Imlunestrant, an oral selective estrogen receptor degrader, as monotherapy and combined with abemaciclib, in recurrent/advanced ER-positive endometrioid endometrial cancer: Results from the phase 1a/1b EMBER study
- PMID: 39442371
- DOI: 10.1016/j.ygyno.2024.10.006
Imlunestrant, an oral selective estrogen receptor degrader, as monotherapy and combined with abemaciclib, in recurrent/advanced ER-positive endometrioid endometrial cancer: Results from the phase 1a/1b EMBER study
Abstract
Objective: Imlunestrant is a next-generation oral selective estrogen receptor degrader designed to deliver continuous estrogen receptor (ER) target inhibition. EMBER is a phase 1a/b trial of imlunestrant, as monotherapy and combined with targeted therapy, in patients with ER+ advanced breast cancer or endometrioid endometrial cancer (EEC). This report focuses on patients with ER+ EEC.

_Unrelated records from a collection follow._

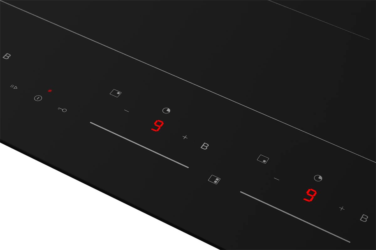 Een ruim opgezette inductie kookplaat met zones die je kan koppelen tot één grote kookzone. De bediening maakt koken eenvoudig doordat je met een slider bediening per zone snel en eenvoudig de gewenste kookstand kan instellen.
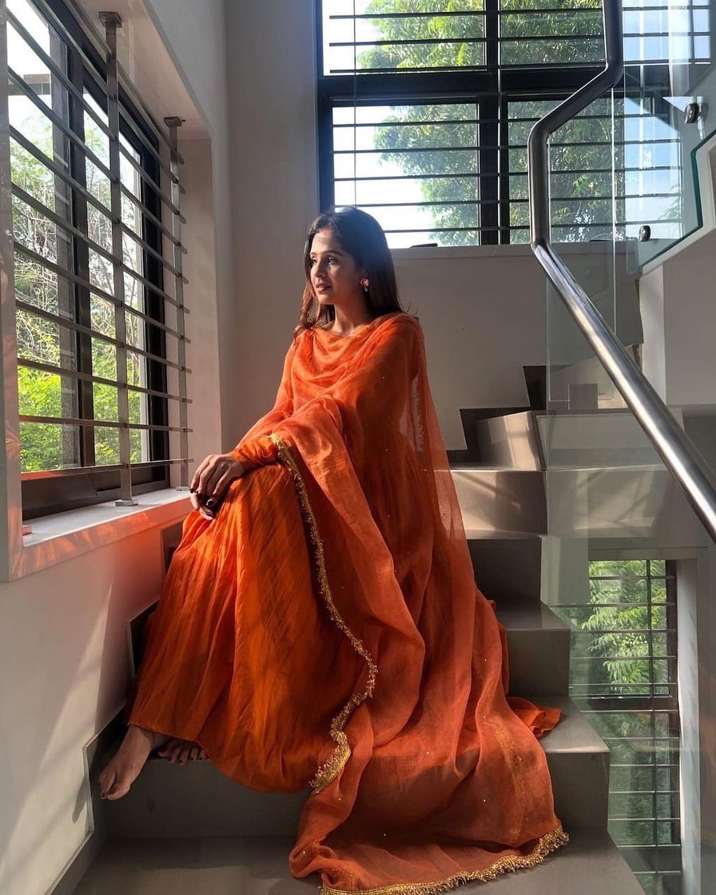 Grace meets comfort in the Saanvi Orange Mul Cotton Suit Set, a festive essential designed for both elegance and ease. The soft mul cotton kurta in a flared silhouette is adorned with delicate gota lace on the neckline and sleeves, radiating timeless charm. Paired with straight cotton pants and a lightweight Kota Doria dupatta highlighted with shimmering gota borders, this ensemble is perfect for festive mornings, pujas, and cultural celebrations.
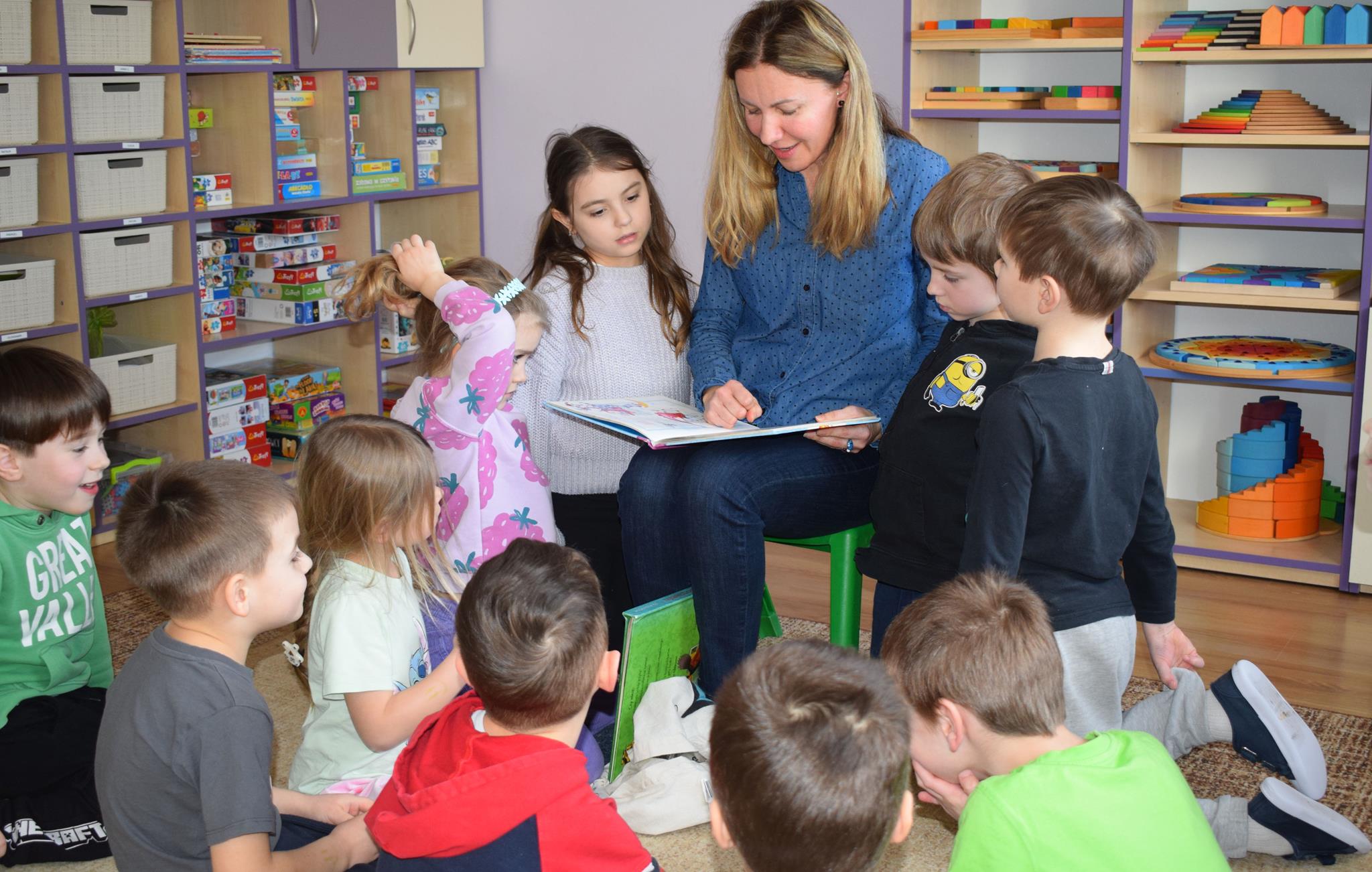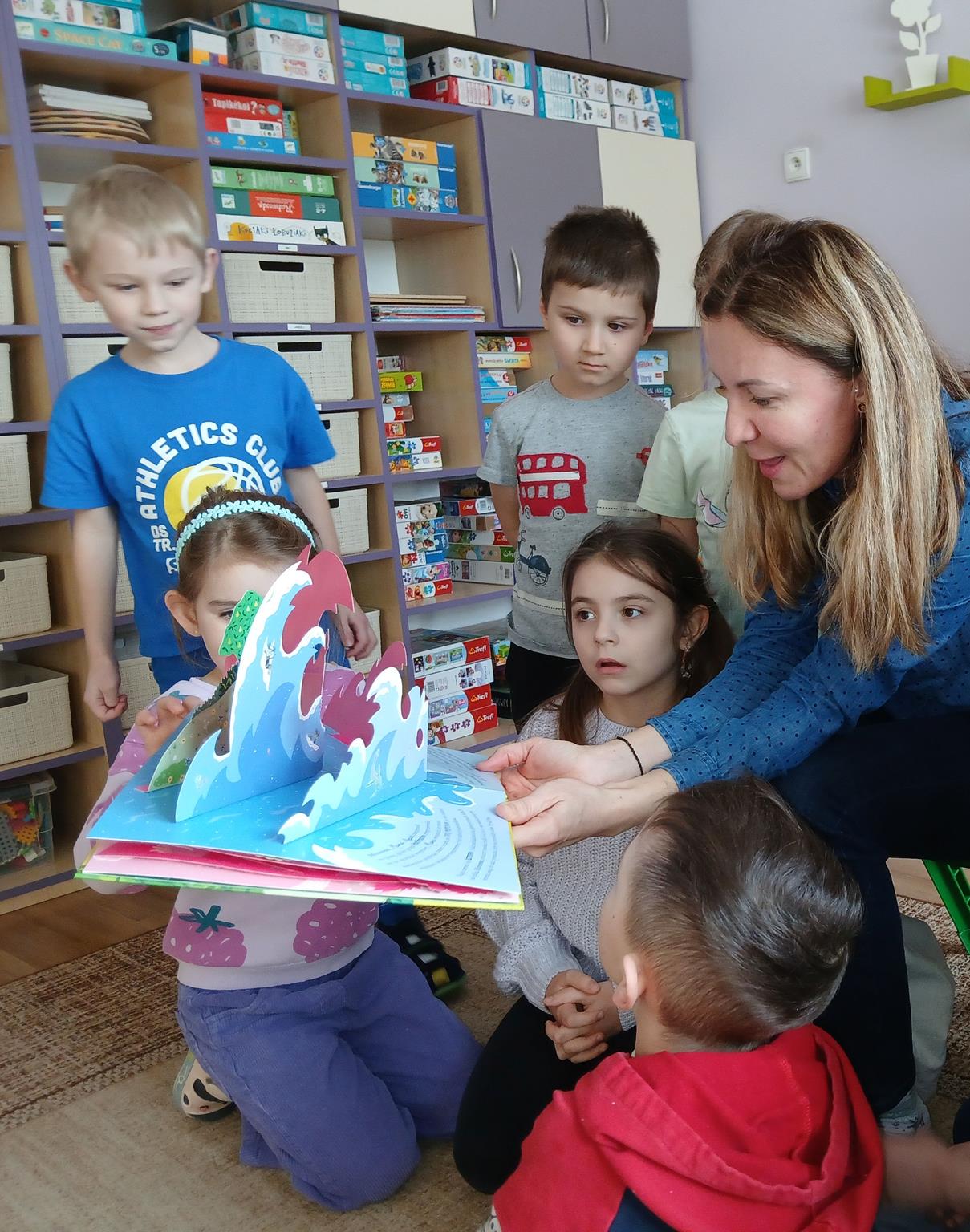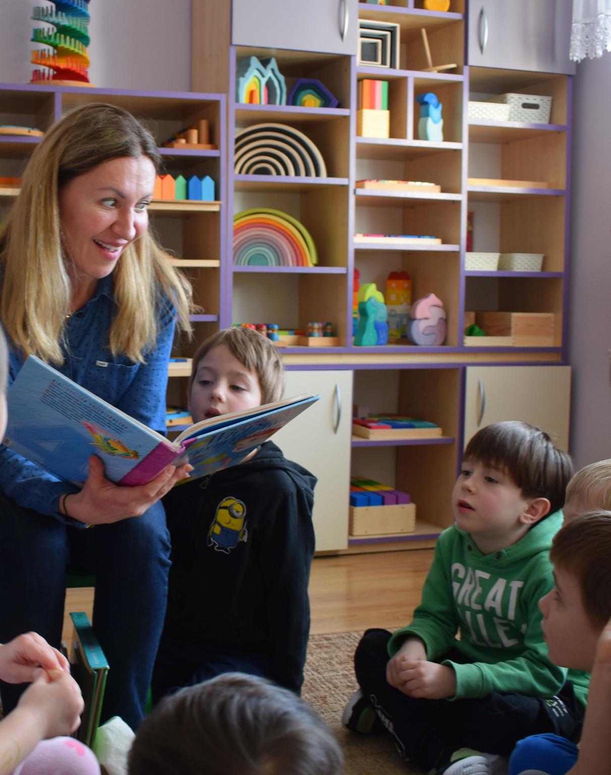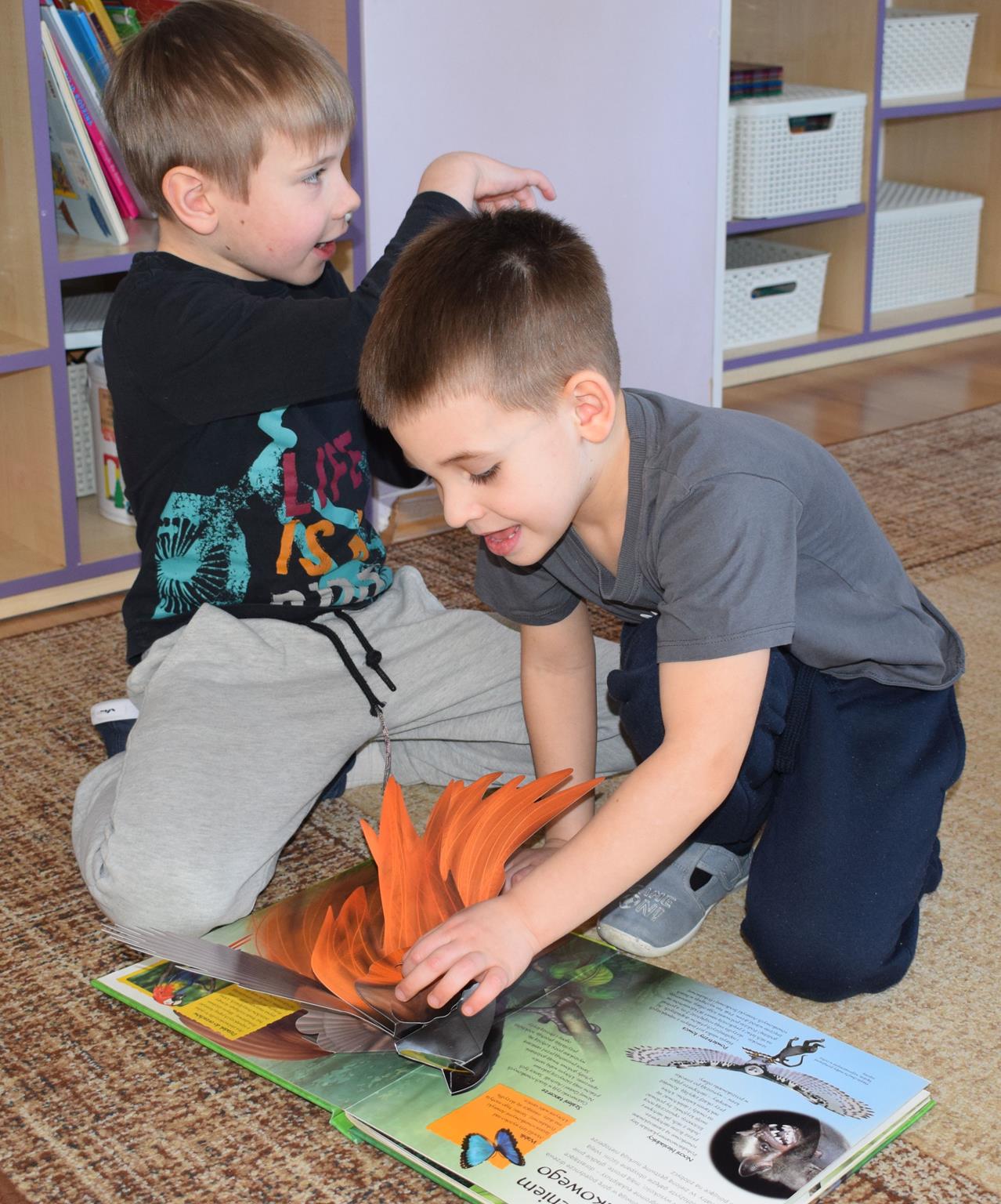 W ramach programu Rodzice Dzieciom gościliśmy w grupie Sówek mamę Iwa – panią Karinę. Pani Karina przygotowała dla dzieci wiele niespodzianek czytelniczych. Najpierw dzięki książce Tove’a Janssona pt. „Muminki szukają domu” z trójwymiarowymi obrazkami przenieśliśmy się do krainy Muminków. Następnie „odbyliśmy podróż” po wszystkich kontynentach poszerzając wiedzę o zwierzętach egzotycznych. Całość dopełniały kolorowe i autentyczne modele zwierząt zamieszczone w książce pt. „Tajemnice natury – przyroda w 3D”. Stworzyło to naszym przedszkolakom okazję do wymiany informacji o bogactwie świata przyrody i zdobycia nowej wiedzy. Na zakończenie mama Iwa przeczytała kilka wierszyków dla dzieci, które wywołały dużo radości. Bardzo dziękujemy za interesujące i pełne emocji spotkanie.
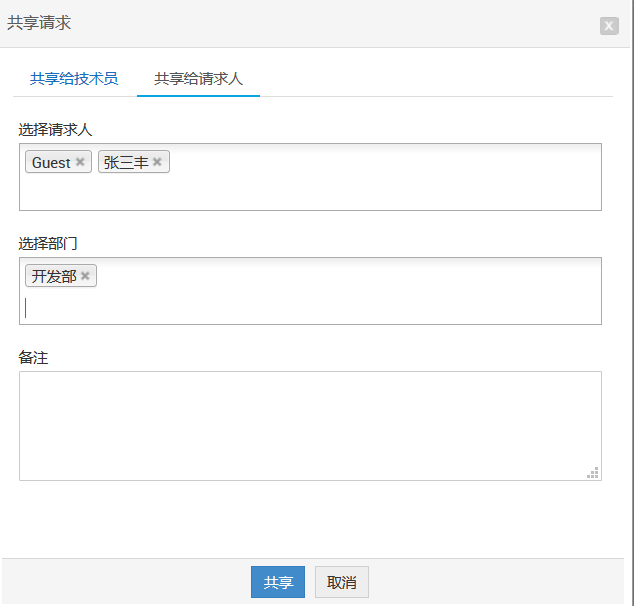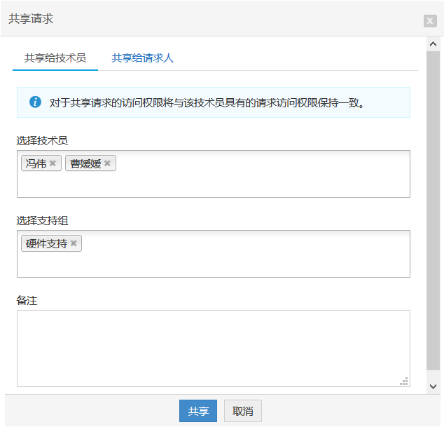 步骤2:弹出“共享”窗口,如果要技术员共享,请单击“共享给技术员”,如果要与请求人共享,请单击“共享给请求人”。

Methods: EMBER used an i3 + 3 dose-escalation design to determine the recommended phase 2 dose (RP2D) followed by dose-expansion cohorts (1:1 randomization): imlunestrant monotherapy and imlunestrant plus abemaciclib (150 mg twice daily). Eligible patients had measurable disease and progression or recurrence after platinum-containing chemotherapy. Prior fulvestrant or aromatase inhibitor was not allowed. Secondary endpoints included safety, pharmacokinetics and antitumor activity.
Results: In total, 72 patients with a median of 2 prior anticancer therapies were treated. Among the 39 patients who received imlunestrant (400 mg [RP2D], n = 33; 800 mg, n = 6), the most common treatment-emergent adverse events (TEAEs) were grade 1-2 nausea (35.9 %), diarrhea (25.6 %), urinary tract infection (25.6 %), and abdominal pain (20.5 %). Overall response rate (ORR) was 10.3 %, clinical benefit rate (CBR) was 33.3 %, and median progression-free survival (mPFS) was 3.8 months (95 % CI, 1.8-6.7). Among the 33 patients who received imlunestrant (400 mg [RP2D], n = 29; 800 mg, n = 4) plus abemaciclib, the most common TEAEs were diarrhea (87.9 %), nausea (66.7 %), fatigue (48.5 %), and anemia (45.5 %). ORR was 18.2 %, CBR was 42.4 %, and mPFS was 6.8 months (95 % CI, 2.1-12).
Conclusion: Imlunestrant, as monotherapy and combined with abemaciclib, has a manageable safety profile with preliminary evidence of antitumor activity in patients with ER+ EEC.
Keywords: CDK4/6 inhibitors; SERD; Uterine cancer.
Copyright © 2024. Published by Elsevier Inc.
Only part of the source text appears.